Lundin reopening Fruta del Norte mine in Ecuador

Aerial view of Fruta del Norte gold project. (Image courtesy of Lundin Gold)

Canada’s Lundin Gold (TSX:LUG) has begun taking the first steps to resume operations at its Fruta del Norte gold-silver mine in Ecuador, the country’s largest, as the government eases coronavirus-related restrictions to keep the floundering economy afloat.

The Vancouver-based miner has already shipped all of the concentrate and doré that had been stored at site since the suspension of operations on March 22. 

In addition, reagents, spare parts and other supplies, which were stockpiled at the port of Guayaquil, are being transported to the mine site, Lundin said.

Ecuador’s government issued covid-19 health and safety guidelines for the mining industry on May 15, so operations could resume. The government also established logistics corridors that facilitate transportation for the mining industry.

Lundin says a seven-day quarantine period followed by a negative test for the virus is required before an employee or contractor is allowed to enter Fruta del Norte

“The reestablishment of transportation corridors was an important first step in our plan to restart operations at the Mine,” Lundin Gold’s president and chief executive, Ron Hochstein, said.

“We are in the last stages of finalizing the restart of our operations, which is expected to occur early in the third quarter of this year.”

The miner noted it has put a strict screening protocol for staff movement. This includes a seven-day quarantine period followed by a Polymerase Chain Reaction (PCR) test. “Provided the results are negative, the employee or contractor will be allowed to enter Fruta del Norte,” Lundin said. 

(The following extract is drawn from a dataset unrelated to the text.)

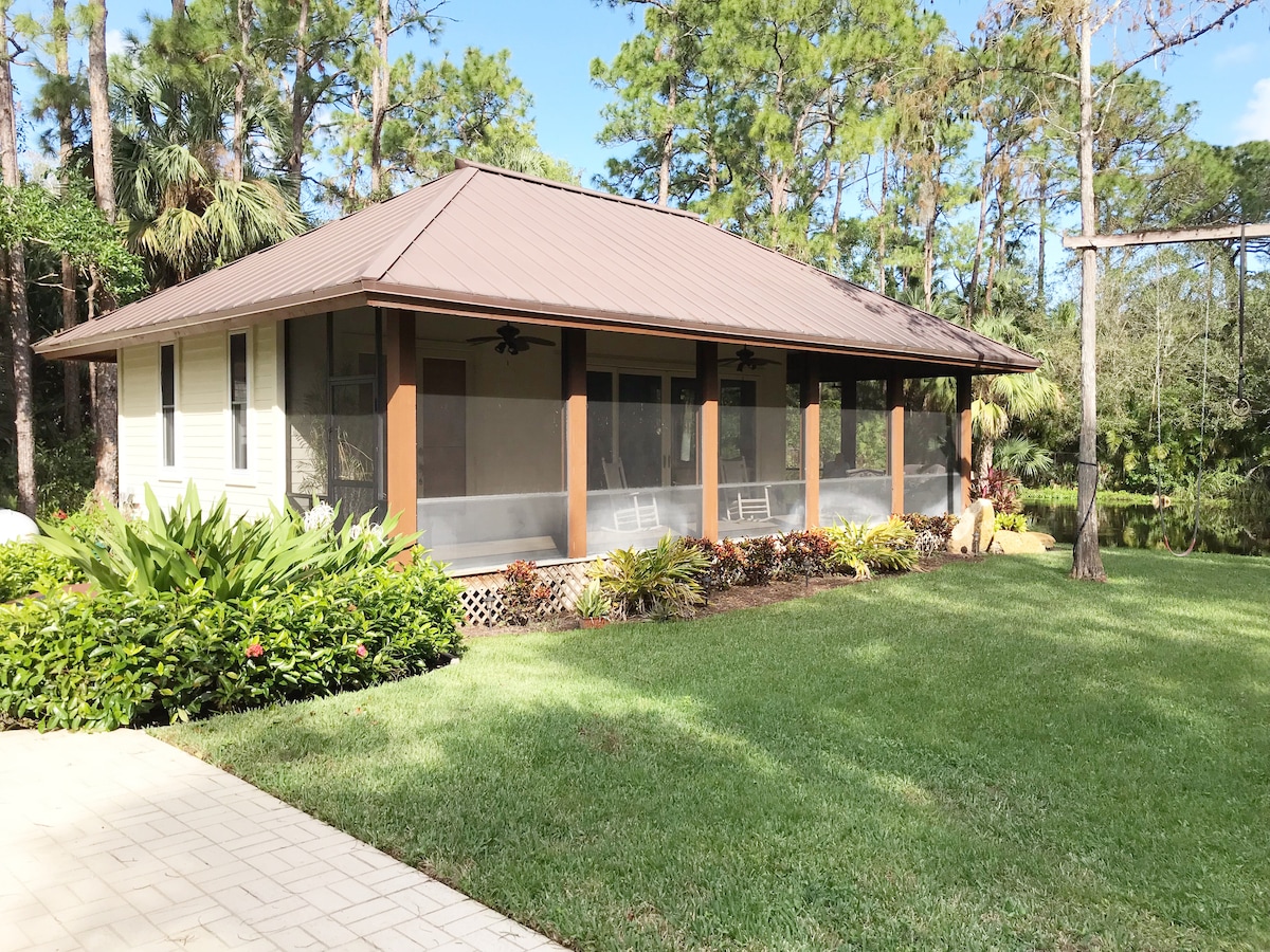 Beautiful, very private and clean Guest House in Jupiter Farms. 1 bedroom 1 bathroom with kitchenette. Screened in wrap around porch. Quiet, very safe neighborhood. Perfect environment to relax and unwind in paradise. Close to town yet away from it all. Blue Ridge Farms 1 minute Lady Jean Ranch 2 minutes White Trail Club, A Flower Farm 9 minutes Rodger Dean Stadium 14 minutes PBI Airport 24 minutes

The company’s initiatives also include increasing the lengths of work rotations in order to reduce the number of them, implementing regular health controls, social and physical distancing, the use of personal protective equipment (PPE) when distancing is not possible, disinfection of work areas and requiring the timely communication of symptoms.  

Lundin said that in the more than two months Fruta del Norte was halted, workers carried out several projects and maintenance work in preparation for the restart of operations. 

The SAG mill was relined, maintenance of underground dewatering equipment took place and infrastructure and mill modifications to improve mill recoveries were implemented. 

The company said it would release further details regarding the start of production in the coming weeks.

Four months in production

Lundin officially opened Fruta del Norte in November 2019, and the first doré bar was produced on November 16. Production kicked off just two days later.

Lundin, worth almost C$4.7 billion, worked on developing the asset for almost two years, following a 2016 agreement with Ecuador’s government. That deal allowed it to move ahead with the project, located in the southeastern Amazon province of Zamora Chinchipe.

The underground gold and silver mine contains six of Lundin’s 29 mining concessions and covers 70,000 hectares of land

The company acquired Fruta del Norte in 2014 for $240 million from fellow Canadian miner Kinross Gold (TSX:K) (NYSE:KGC), which had to halt operations after being unable to reach an agreement with authorities regarding the terms for developing the asset.

The underground gold and silver mine contains six of Lundin’s 29 mining concessions and covers 70,000 hectares of land. Discovered in 2006, Fruta del Norte is expected to produce almost 4.7 million ounces of gold over a 15-year mine life.

Shaky ground

Ecuador has gained ground as a mining investment destination over the past two years, with top miners entering into joint ventures or investing in juniors to gain exposure to projects in the country.

The Andean nation, however, has been severely hit by the ongoing pandemic. Its number of deaths, at 3,358, is by far the worst per capita in Latin America.

President Lenín Moreno said last month that Ecuador was suffering a crisis worse than “all the wars and natural disasters the country has suffered throughout its history put together.”

The country’s finances, however, were shaky even before covid-19, and it has been struggling to put them in order.